66 THE CLASS STRUGGLE THE CLASS STRUGGLE 67 The most important of the large industrial branches could be brought, easily, into national ownership. This could be done, without difficulty with the direct war industry.
The question of employment for the returning soldiers, too, would be solved for the Bourgeoisie. The danger that threatens, when great rebellious masses call for work, bread, assistance, could thus be averted, by drafting them immediately into the war industries, and then, gradually, as conditions in private industry become more settled, dismiss them from military service.

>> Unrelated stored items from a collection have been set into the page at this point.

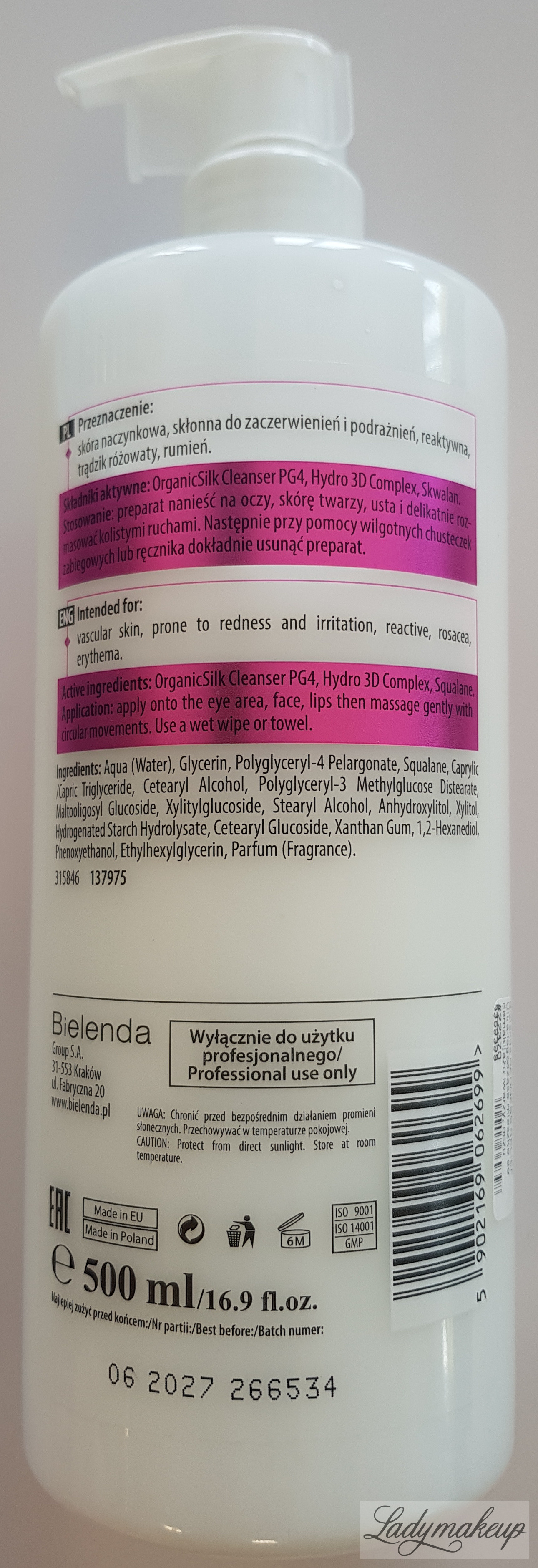 Mleczko do demakijażu twarzy i oczu. Przeznaczone do pielęgnacji skóry naczynkowej, reaktywnej, skłonnej do zaczerwienień i podrażnień oraz z trądzikiem różowatym oraz rumieniem. Zawiera w sobie specjalnie wyselekcjonowane składniki aktywne takie jak: skwalan oraz kompleksy OrganicSilk i Hydro3D. Dokładnie ale jednocześnie delikatnie usuwa nawet mocny makijaż oraz oczyszcza z zanieczyszczeń i sebum, bez wywoływania podrażnień i przesuszenia skóry. Dodatkowo mleczko Bielenda Professional łagodzi i koi podrażnienia, wycisza zaczerwienienia, wzmacnia naczynia krwionośne i redukuje objawy rumienia, przywraca uczucie komfortu, a także regeneruje. Kosmetyk dostępny jest w butelce o pojemności 500 ml z pompką dozującą odpowiednią ilość produktu.
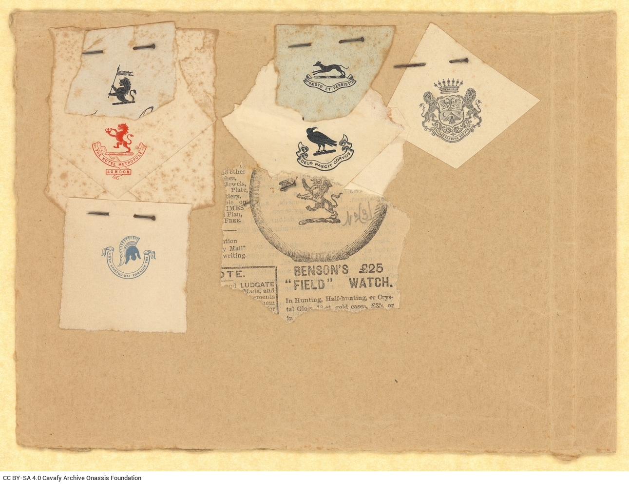 Στο τεκμήριο GR-OF CA CA-SF02-S02-F25-SF006-0017 (1144), https://cavafy.onassis.org/el/object/nysf-pc8k-ycza/, βλέπουμε επίσης αυτοσχέδιο φάκελο, ο οποίος περιέχει «συλλογή» από έντυπα οικόσημα κομμένα από επιστολόχαρτα, επιστολικούς φακέλους κ.λπ., αρχικά καρφιτσωμένα πάνω στον φάκελο (Λήψη 1 και ξεχωριστά το κάθε απόκομμα στις Λήψεις 2 έως 8). Ο φάκελος περιλαμβάνει ακόμα: πρόχειρο σχέδιο οικοσήμου με τη σημείωση “the two branches to take in the helmet” (Λήψη 9)· χειρόγραφη περικοπή από την Πολιτεία του Πλάτωνα (Λήψη 10)· δέκα κομμάτια χαρτιού που φέρουν σχέδια με μολύβι (Λήψεις 11 έως 21)· επιστολόχαρτο με το «οικόσημο» της οικογένειας (Λήψη 22) και άλλα σχετικά αποκόμματα. Φαίνεται πως ο ποιητής συλλέγει εμπορικούς λογότυπους και οικόσημα, δοκιμάζει διαφορετικές φράσεις (ίσως ψάχνοντας το ιδανικό μότο;) και αντιγράφει το σχέδιο οικοσήμων. Μάλιστα, σε κάποια από τα σχέδια με μολύβι, τα οποία περιλαμβάνονται στον φάκελο, αναφέρεται παραπομπή σε σελίδες αγνώστου εντύπου (για παράδειγμα, Λήψεις 12 έως 19).
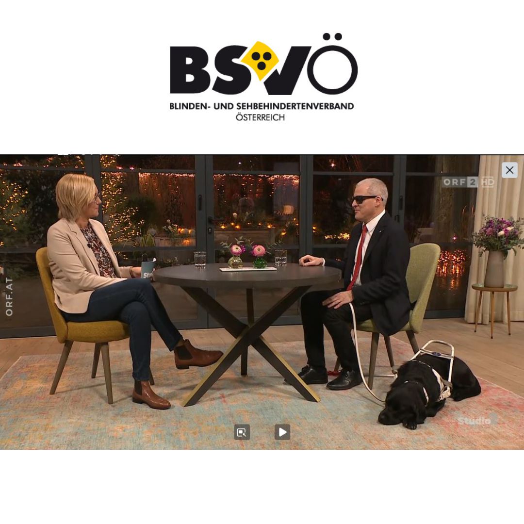 Zum Tag der Blindenführhunde war Dr. Markus Wolf, Präsident des Österreichischen Blinden- und Sehbehindertenverbandes Österreich zu Gast in der ORF Magazinsendung STUDIO 2. Natürlich war auch seine Blindenführhündin Chilly, eine schwarze Retriever-Dame, mit dabei. Schließlich ging es um sie und um ihre Kolleg:innen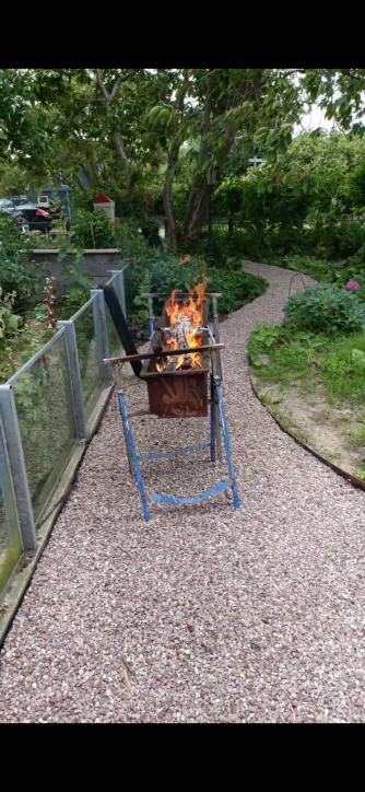 Ziet er mooi en professioneel uit, Ab. Foto's kleiner maken doe ik met een app die Lit Photo heet. Nou had ik gezegd: show yours and I show mine. Nou heb ik geen uitgebreide ruimte, maar wel een houtgestookte bbq gemaakt van een stalen kastdeur. En dus twee meter lang. En ik stook er pallets in om een goede aslaag te krijgen en daarna gaan er wat droge stammetjes in voor een gloeiende bak vuur.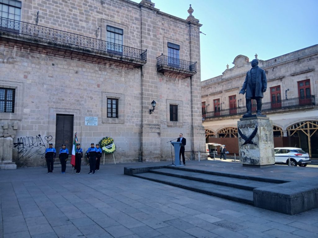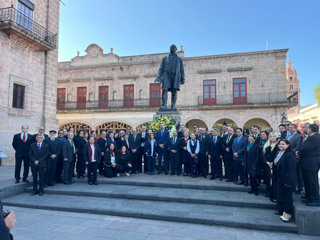 Redacción / La Voz de Michoacán Morelia, Michoacán. - El Ayuntamiento de Morelia conmemoró este sábado el CCXX Aniversario del Natalicio de Benito Juárez, con un acto cívico en el que se llamó a que el recuerdo del Benemérito de las Américas sirva de inspiración para la defensa de la legalidad. Héctor Manuel García Chávez, muy respetable gran maestro de la Gran Logia Lautariana de México, fungió como orador oficial con un mensaje al pie del monumento a Benito Juárez, en la plaza que lleva su nombre en el corazón de la capital michoacana. Foto: Chris Hernández Durante su intervención, recordó los ideales del Benemérito de las Américas por defender la educación laica y la prevalecía del Derecho por encima de cualquier institución o poder. "Los principios no se heredan, se ejercen; y la legalidad no se presume, se defiende", manifestó el orador. Asistieron al evento Iván Fernando Barrales Alcántara, director general del Colegio de Morelia; José Murguia Magaña, director de la Clínica Municipal Poniente; así como los muy respetables grandes maestros y maestras de las diversas logias: Irma Valle González, María de los Angéles Vásquez Martínez, Emma Rivera Camacho, Iraide Rosales Navarro y Javier Velázquez López. Foto: Chris Hernández Cabe señalar que previamente se llevó a cabo el izamiento de bandera en la Plaza Melchor Ocampo y, al término de la ceremonia cívica, se cumplió con el tradicional depósito de ofrenda floral.

Other advantages, too, might arise from such a plan. In the first place production would be greatly cheapened, by the exclusion of all middlemen. Everyone realizes how much could be saved by government organization of production. All technical and organizational improvements of the war period would be applied. It would do away with the problem of unemployment insurance. Wages could be regulated; for against this powerful employer labor unions would be powerless, even if they were permitted to exist. It would mean for the workers increased dependence; would mean greater curtailment of their personal freedom, than was possible under private ownership. National ownership of large branches of industry is synonymous with their militarization. Unquestionably, the ruling class fears the day after the war, when military dictatorship, war laws, press censorship and the state of siege have become things of the past. The militarization of the national industrial forces will present itself as the most effective means of keeping great masses in harness, and curbing their desire for political opposition.
To the proletariat this state socialism can mean only an aggravation of its sufferings and increased pressure upon the burden of life. Notwithstanding this, it is to be expected that a large part of our Social Democracy will not oppose this plan but will lend it its heartiest support. Their old ideals make them the prisoners of this new system of national exploitation.
Even before the war every proposal to pluck the consumers by new monopolies was heralded as a beginning of socialism, which deserved our heartiest support! Socialism is not based upon national ownership, but upon the strength, the might of the proletariat. In the past the conceptions of socialism and state industries have been hopelessly confused in the minds of our Social Democracy; in the future, this party will face the state socialist plans for the increased enslavement of the working class, with neither mental weapons nor a clearly defined attitude.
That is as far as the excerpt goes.